The president said he would be accompanied by Cypriot and foreign businessmen that are looking for staff and added: “We will go to attempt – and I consider it will be successful – to bring (people) back to our country so we can have a brain gain instead of a brain drain.” While the shortage of low-skilled workers is being addressed by new regulations prepared by the government, solving the restricted supply of people for higher-grade more specialised work is evidently more difficult. So after London, will he also be visiting Athens to offer the many Cypriots working in Greece the same attractive package designed to tackle the brain drain he talked about?
Is Cyprus suffering from a brain drain? It would be very interesting to know how many Cypriot graduates are working abroad, in which countries and to establish the reasons they have chosen not to return to the island. In the past, the main reasons were the relatively low pay, restricted job opportunities and limited scope for professional growth and development. With the arrival of many big foreign firms in Cyprus and the improved management/structure of many local companies these reasons have – more or less – been eliminated, so why are young Cypriots not returning home for work?
It is doubtful the attractive package that the government will prepare will have the desired effect, because there could be other factors than just pay that causes young Cypriots to choose to work abroad. Living in a big, ‘happening’ city of millions might be taxing but it is also a dynamic and rewarding environment for young people wanting to be intellectually stimulated, to broaden their horizons, engage in a dynamic culture and develop personally or professionally. These options are very limited in a small and isolated island with a very small population that is cut off from the big metropolitan centres of the world. Things have improved significantly in terms of opportunities of professional advancement recently, but the options for go-getting, ambitious youngsters are limited in a small place.
On a more practical level, it is difficult to see what ‘attractive packages’ would lure Cypriots with careers and lives abroad back to the island.
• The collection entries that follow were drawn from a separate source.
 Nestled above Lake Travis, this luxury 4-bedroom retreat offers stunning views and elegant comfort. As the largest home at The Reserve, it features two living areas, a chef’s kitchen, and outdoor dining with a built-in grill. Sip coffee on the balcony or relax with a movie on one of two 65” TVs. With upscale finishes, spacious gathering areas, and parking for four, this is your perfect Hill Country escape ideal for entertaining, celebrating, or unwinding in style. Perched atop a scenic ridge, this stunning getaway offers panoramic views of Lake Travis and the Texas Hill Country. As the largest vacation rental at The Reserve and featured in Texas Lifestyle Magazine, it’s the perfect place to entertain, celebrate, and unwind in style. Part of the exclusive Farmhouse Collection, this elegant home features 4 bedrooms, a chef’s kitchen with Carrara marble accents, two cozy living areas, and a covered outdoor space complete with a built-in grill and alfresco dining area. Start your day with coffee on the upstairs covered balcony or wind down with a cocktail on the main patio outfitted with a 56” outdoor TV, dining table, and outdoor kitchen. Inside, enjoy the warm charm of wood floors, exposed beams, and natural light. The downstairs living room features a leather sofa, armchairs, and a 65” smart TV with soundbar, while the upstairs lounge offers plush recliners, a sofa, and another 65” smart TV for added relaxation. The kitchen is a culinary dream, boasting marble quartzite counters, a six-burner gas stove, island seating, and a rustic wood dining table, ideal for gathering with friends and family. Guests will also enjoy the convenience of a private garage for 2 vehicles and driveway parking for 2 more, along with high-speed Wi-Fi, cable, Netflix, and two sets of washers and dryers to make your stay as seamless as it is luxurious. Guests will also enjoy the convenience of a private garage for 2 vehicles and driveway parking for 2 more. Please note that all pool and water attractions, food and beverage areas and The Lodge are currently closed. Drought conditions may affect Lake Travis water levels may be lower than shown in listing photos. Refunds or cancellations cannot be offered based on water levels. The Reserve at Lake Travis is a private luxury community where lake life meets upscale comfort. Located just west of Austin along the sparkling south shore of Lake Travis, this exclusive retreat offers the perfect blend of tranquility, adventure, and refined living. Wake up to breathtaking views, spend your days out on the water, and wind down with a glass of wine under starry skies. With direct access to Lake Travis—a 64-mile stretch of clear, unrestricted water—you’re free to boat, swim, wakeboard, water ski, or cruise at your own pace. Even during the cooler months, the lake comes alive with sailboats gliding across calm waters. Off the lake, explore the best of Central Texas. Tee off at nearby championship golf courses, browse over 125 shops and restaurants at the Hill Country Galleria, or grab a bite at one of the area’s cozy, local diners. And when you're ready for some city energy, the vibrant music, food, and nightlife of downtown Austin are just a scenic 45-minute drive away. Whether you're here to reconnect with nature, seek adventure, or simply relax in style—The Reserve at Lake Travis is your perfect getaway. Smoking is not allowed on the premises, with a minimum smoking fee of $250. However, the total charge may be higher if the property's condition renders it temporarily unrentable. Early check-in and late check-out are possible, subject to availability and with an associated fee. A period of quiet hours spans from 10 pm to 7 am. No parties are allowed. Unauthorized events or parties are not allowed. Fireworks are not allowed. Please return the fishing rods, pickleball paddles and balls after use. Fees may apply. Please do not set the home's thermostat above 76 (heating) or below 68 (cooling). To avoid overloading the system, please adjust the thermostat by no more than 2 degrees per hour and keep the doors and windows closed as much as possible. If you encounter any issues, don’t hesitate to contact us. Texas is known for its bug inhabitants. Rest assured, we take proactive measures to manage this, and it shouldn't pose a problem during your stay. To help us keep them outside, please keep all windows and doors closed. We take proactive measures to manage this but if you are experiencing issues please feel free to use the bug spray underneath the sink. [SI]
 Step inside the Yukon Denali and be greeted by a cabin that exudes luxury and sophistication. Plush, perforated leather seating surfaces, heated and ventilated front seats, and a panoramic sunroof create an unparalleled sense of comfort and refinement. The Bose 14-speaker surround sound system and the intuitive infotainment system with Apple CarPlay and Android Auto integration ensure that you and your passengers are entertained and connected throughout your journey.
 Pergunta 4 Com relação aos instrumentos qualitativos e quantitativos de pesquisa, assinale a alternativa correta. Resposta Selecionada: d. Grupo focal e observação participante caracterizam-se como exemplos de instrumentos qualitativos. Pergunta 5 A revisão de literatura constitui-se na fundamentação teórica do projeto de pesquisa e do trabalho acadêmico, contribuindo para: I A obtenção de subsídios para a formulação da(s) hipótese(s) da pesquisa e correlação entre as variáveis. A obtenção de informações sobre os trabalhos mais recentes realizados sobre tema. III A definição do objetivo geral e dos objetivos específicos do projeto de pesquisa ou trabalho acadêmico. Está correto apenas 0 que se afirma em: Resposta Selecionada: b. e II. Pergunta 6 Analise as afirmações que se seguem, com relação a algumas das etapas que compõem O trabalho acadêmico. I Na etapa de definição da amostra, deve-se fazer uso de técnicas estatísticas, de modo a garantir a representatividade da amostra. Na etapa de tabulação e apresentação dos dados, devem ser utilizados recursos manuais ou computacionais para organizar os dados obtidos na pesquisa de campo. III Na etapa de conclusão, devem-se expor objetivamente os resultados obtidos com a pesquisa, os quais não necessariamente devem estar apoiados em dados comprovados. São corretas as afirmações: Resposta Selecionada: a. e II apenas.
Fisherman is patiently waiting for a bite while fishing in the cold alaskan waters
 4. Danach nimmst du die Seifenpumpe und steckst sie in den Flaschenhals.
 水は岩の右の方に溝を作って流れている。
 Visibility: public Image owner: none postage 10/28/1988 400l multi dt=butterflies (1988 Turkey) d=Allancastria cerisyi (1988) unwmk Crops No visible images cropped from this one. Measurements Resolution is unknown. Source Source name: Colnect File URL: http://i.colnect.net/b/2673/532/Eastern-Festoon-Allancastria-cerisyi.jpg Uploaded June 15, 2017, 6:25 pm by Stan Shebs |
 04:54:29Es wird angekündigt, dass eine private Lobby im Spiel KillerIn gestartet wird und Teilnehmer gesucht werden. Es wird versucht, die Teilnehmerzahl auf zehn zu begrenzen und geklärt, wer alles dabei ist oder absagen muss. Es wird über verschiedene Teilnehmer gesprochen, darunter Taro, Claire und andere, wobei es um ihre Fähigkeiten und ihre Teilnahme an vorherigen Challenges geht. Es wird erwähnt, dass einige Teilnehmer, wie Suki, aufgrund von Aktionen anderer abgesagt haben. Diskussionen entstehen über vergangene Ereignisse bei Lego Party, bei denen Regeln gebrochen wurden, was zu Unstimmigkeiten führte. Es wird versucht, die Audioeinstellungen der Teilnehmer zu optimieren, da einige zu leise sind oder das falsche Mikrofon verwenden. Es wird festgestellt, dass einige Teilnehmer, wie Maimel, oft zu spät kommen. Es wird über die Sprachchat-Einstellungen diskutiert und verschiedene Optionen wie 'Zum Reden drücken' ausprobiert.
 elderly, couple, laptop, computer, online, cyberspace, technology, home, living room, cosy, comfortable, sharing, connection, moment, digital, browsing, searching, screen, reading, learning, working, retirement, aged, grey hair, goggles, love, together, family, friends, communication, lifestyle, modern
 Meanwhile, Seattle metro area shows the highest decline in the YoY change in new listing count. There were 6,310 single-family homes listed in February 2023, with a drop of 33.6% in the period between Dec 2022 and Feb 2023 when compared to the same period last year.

Would they be offered tax credits, rent-free accommodation, a lump sum payment, subsidised housing loans, free airline tickets? And would any incentives package not be seen as a form of discrimination against those Cypriots who returned here without being offered anything?
There could be another way of dealing with the brain drain, but it would require more time, more work and much greater political resolve to implement. Its positive effects and benefits for the economy, however, would be much longer lasting, as it could completely reshape our economy. The government must consider dealing with the brain drain that is taking place on the island by hundreds of intelligent and highly qualified graduates taking jobs as public sector bureaucrats and thus becoming net receivers rather than net-contributors to the economy.
The public sector is the main cause of the brain drain President Christodoulides and his government are rightly concerned about. The high wages, guaranteed annual pay rises, iron-clad job security, short working hours, abundance of fringe benefits and obscenely high pensions are too attractive for anyone to resist. The result is that people with the abilities and qualities to make a big contribution to the wealth-producing private sector end up wasting their potential, shuffling files, sitting on committees and under-utilising their intellectual powers. Cyprus society is wasting valuable human resources by offering an obscenely, attractive package for people to work in the economy’s most unproductive sector.
We would have the brain gain the president wants if we reduced the flow of talented people seeking work in the public sector. This, admittedly, would be difficult to achieve as it would require radical reform to make employment in the public sector less attractive, but it could be done. First, the size of the civil service must be reduced and digitalisation could be used to drastically cut numbers; the banks have used digitalisation to radically cut staff numbers and the state could do the same. Pay, work terms, earning potential and pensions for new entrants should be made much less attractive than they are at present, thus discouraging capable individuals from applying for jobs.
Until the mid-1980s, the average earning potential for well-qualified graduates was higher in the private sector. The government should be working to establish this regime now, if it wants to achieve the brain gain that will ensure the long-term growth of the economy.